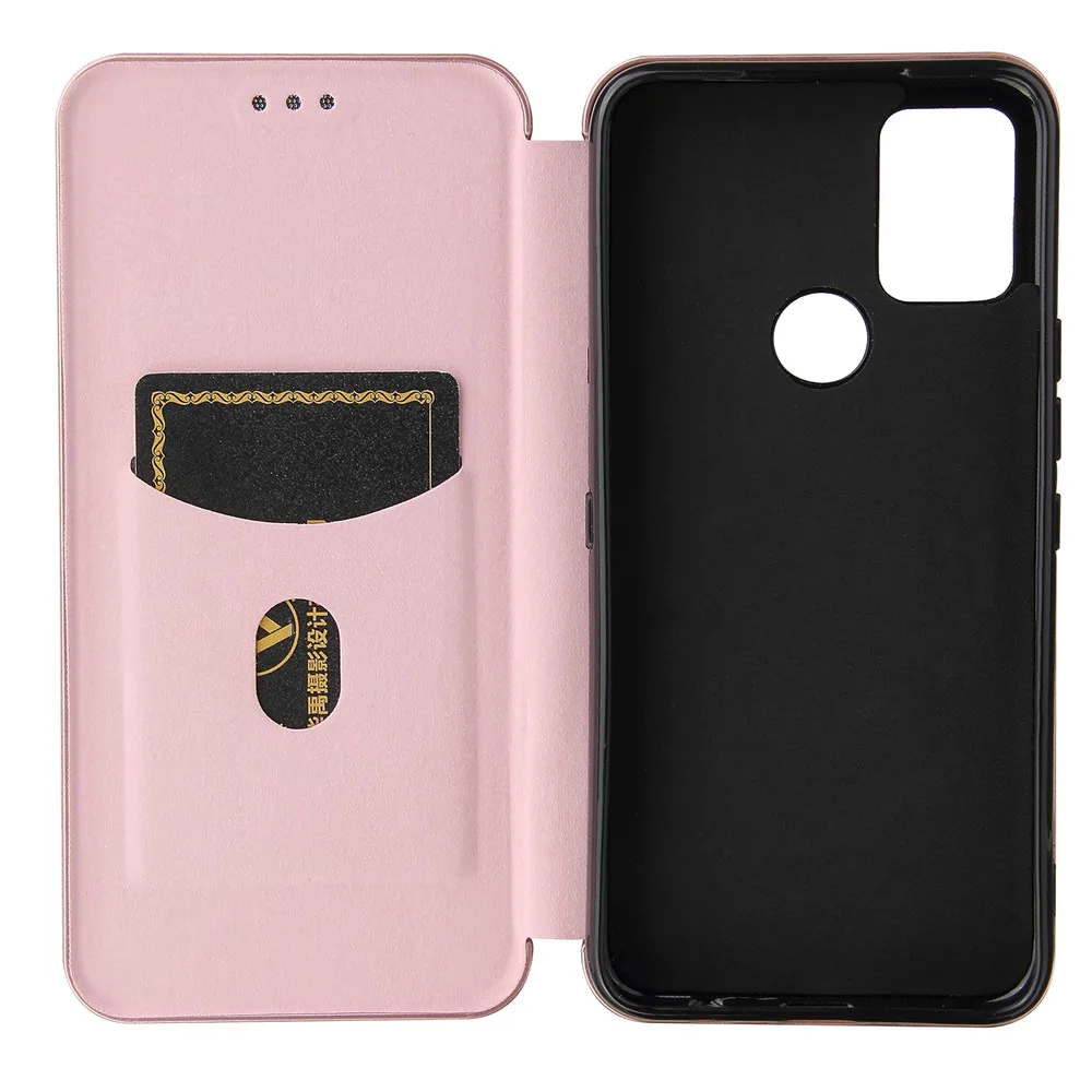 Магнитный чехол-книжка из углеродного волокна для Alcatel 1S 2021, ...
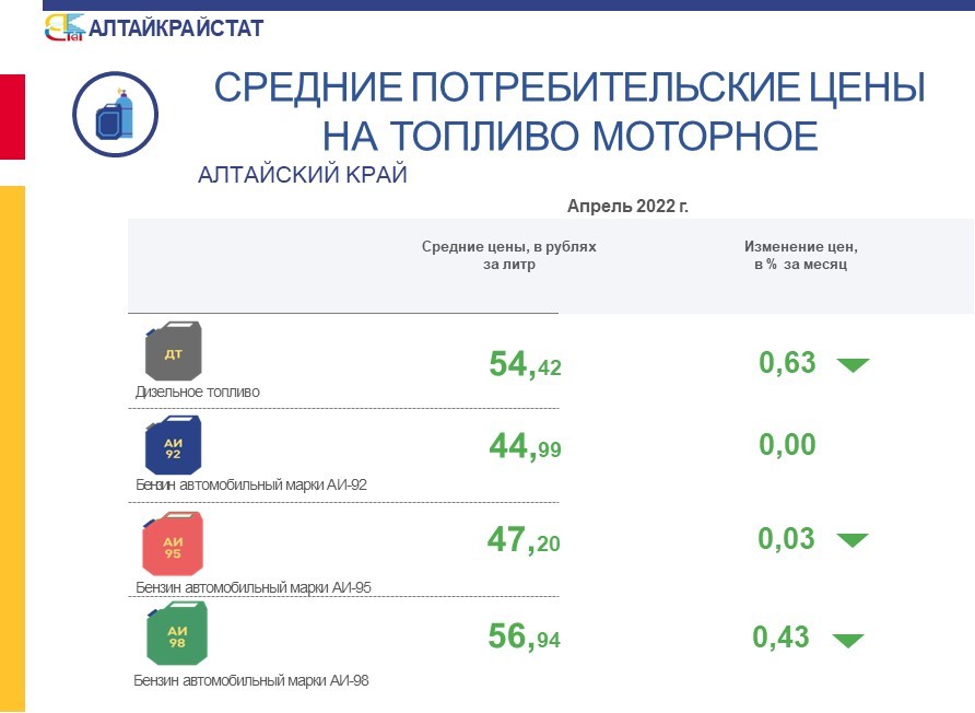 Средние потребительские цены на бензин автомобильный и дизельное топливо по городам Алтайского края за апрель 2022 года составили:
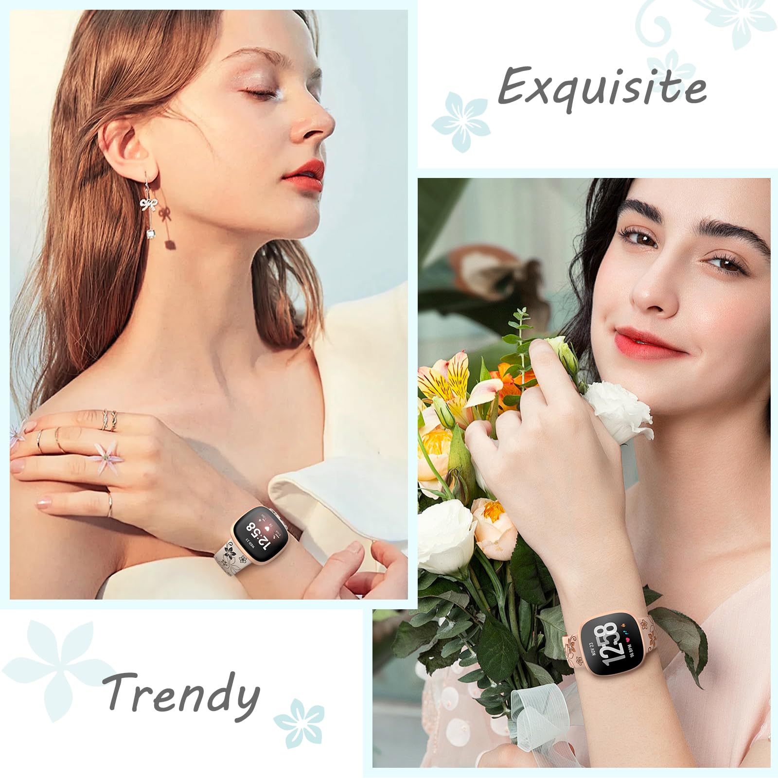 - 【Only Design For Fitbit Sense/Sense 2/Versa 4/Versa 3】OHOTLOVE floral engraved for women soft silicone replacement wristbands Only Compatible with Fitbit versa 4/ Fitbit Sense 2 and Fitbit versa 3 / Fitbit Sense.
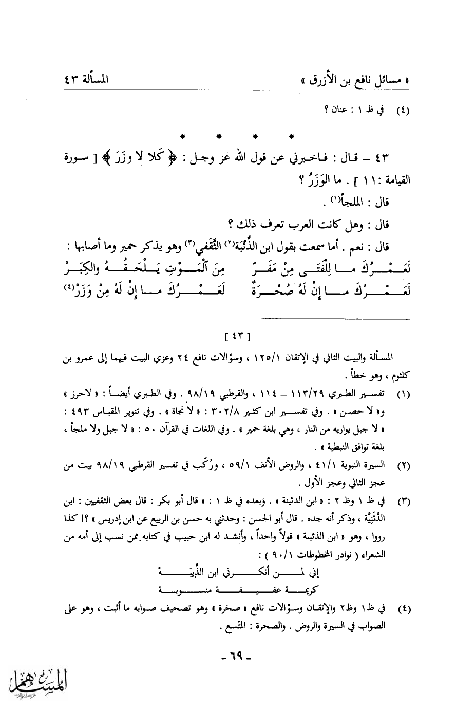 كتاب مسائل نافع بن الأزرق = غريب القرآن في شعر العرب
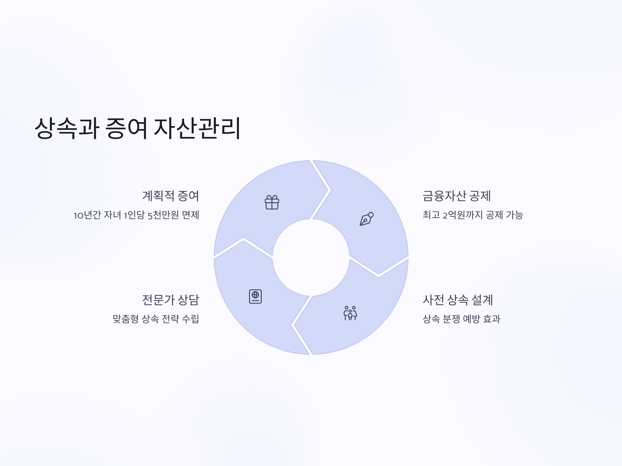 예를 들어, 10년간 자녀 1인당 5천만 원까지 증여세가 면제되므로 이를 활용한 정기적인 자금 이전이 가능합니다. 또한 상속 시 공제되는 금융자산은 요건을 충족하면 최고 2억 원까지 공제받을 수 있어 유리합니다. 전문가와 함께하는 사전 상속 설계는 상속 분쟁 예방에도 큰 역할을 합니다.
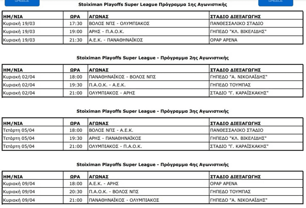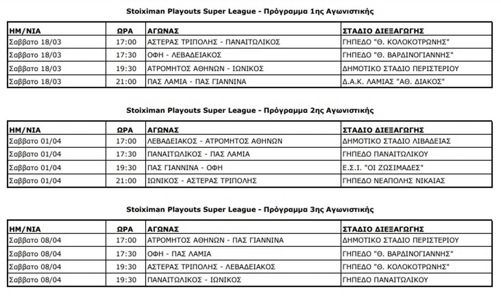 Η Super League ανακοίνωσε το πρόγραμμα των 4 πρώτων αγωνιστικών των Play Off και των 3 πρώτων αγωνιστικών των Play Out.
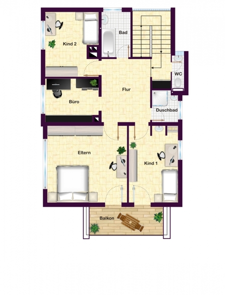 Im Obergeschoss erwarten Sie ein großes, helles Schlafzimmer mit einem nach Südwesten ausgerichteten Balkon, zwei Kinderzimmer, ein Arbeits-/Gästezimmer, ein Tageslichtbad mit Wanne, ein kleines Duschbad, ein separates WC und eine Diele.
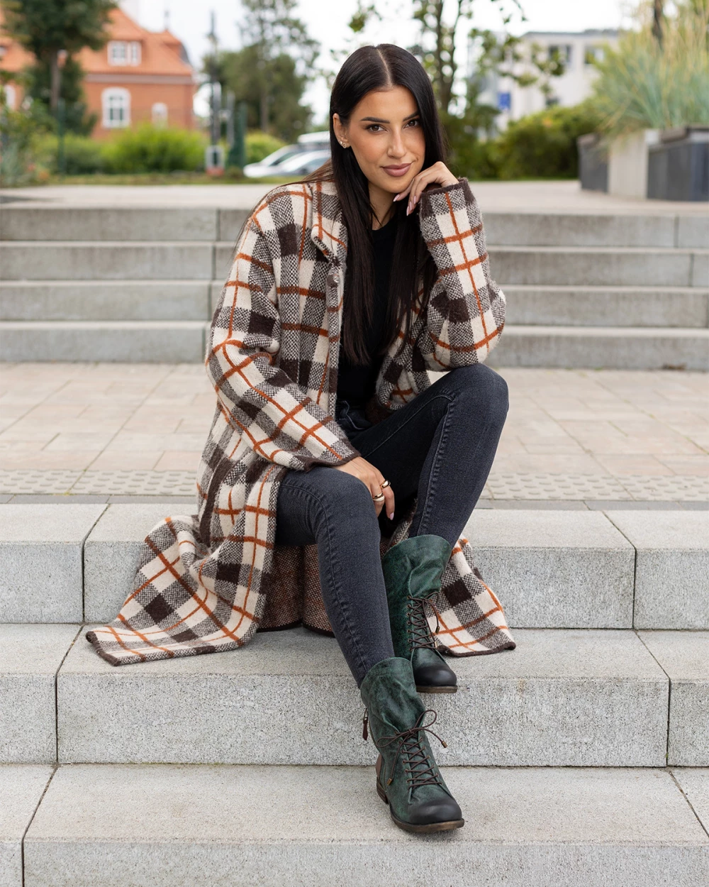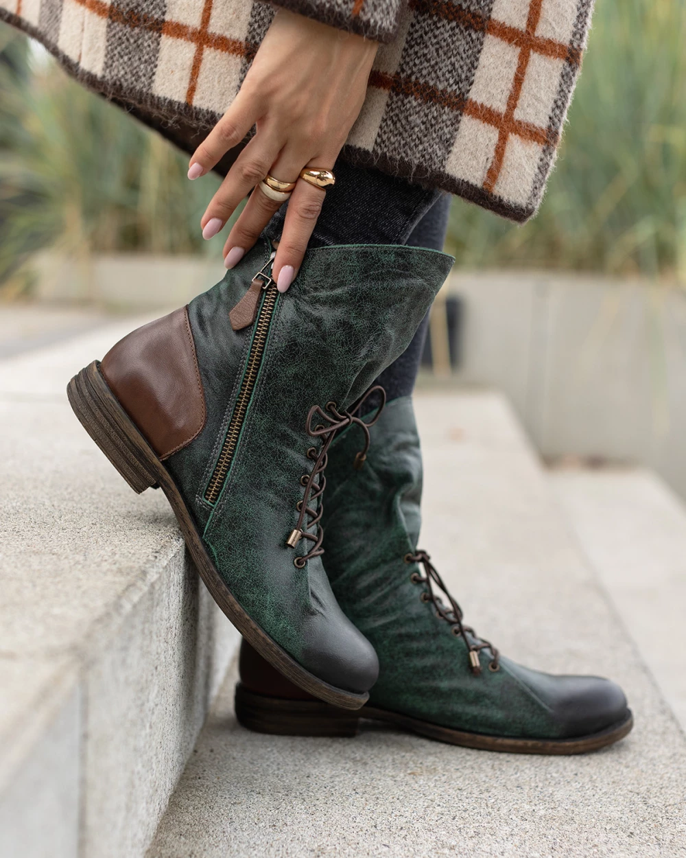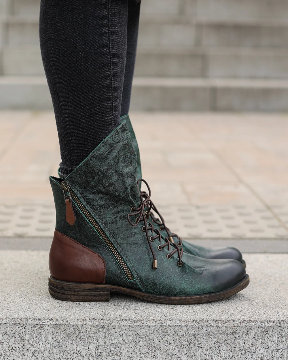 Ciemnozielone trzewiki damskie ze skóry naturalnej

◇ ◇ ◇ ◇

- **ACTIVITY**
Copy out the entries above in full and exactly, skipping every picture.

- **WRITTEN ANSWER**
 Магнитный чехол-книжка из углеродного волокна для Alcatel 1S 2021, ...
 Средние потребительские цены на бензин автомобильный и дизельное топливо по городам Алтайского края за апрель 2022 года составили:
 - 【Only Design For Fitbit Sense/Sense 2/Versa 4/Versa 3】OHOTLOVE floral engraved for women soft silicone replacement wristbands Only Compatible with Fitbit versa 4/ Fitbit Sense 2 and Fitbit versa 3 / Fitbit Sense.
 كتاب مسائل نافع بن الأزرق = غريب القرآن في شعر العرب
 예를 들어, 10년간 자녀 1인당 5천만 원까지 증여세가 면제되므로 이를 활용한 정기적인 자금 이전이 가능합니다. 또한 상속 시 공제되는 금융자산은 요건을 충족하면 최고 2억 원까지 공제받을 수 있어 유리합니다. 전문가와 함께하는 사전 상속 설계는 상속 분쟁 예방에도 큰 역할을 합니다.
 Η Super League ανακοίνωσε το πρόγραμμα των 4 πρώτων αγωνιστικών των Play Off και των 3 πρώτων αγωνιστικών των Play Out.
 Im Obergeschoss erwarten Sie ein großes, helles Schlafzimmer mit einem nach Südwesten ausgerichteten Balkon, zwei Kinderzimmer, ein Arbeits-/Gästezimmer, ein Tageslichtbad mit Wanne, ein kleines Duschbad, ein separates WC und eine Diele.
 Ciemnozielone trzewiki damskie ze skóry naturalnej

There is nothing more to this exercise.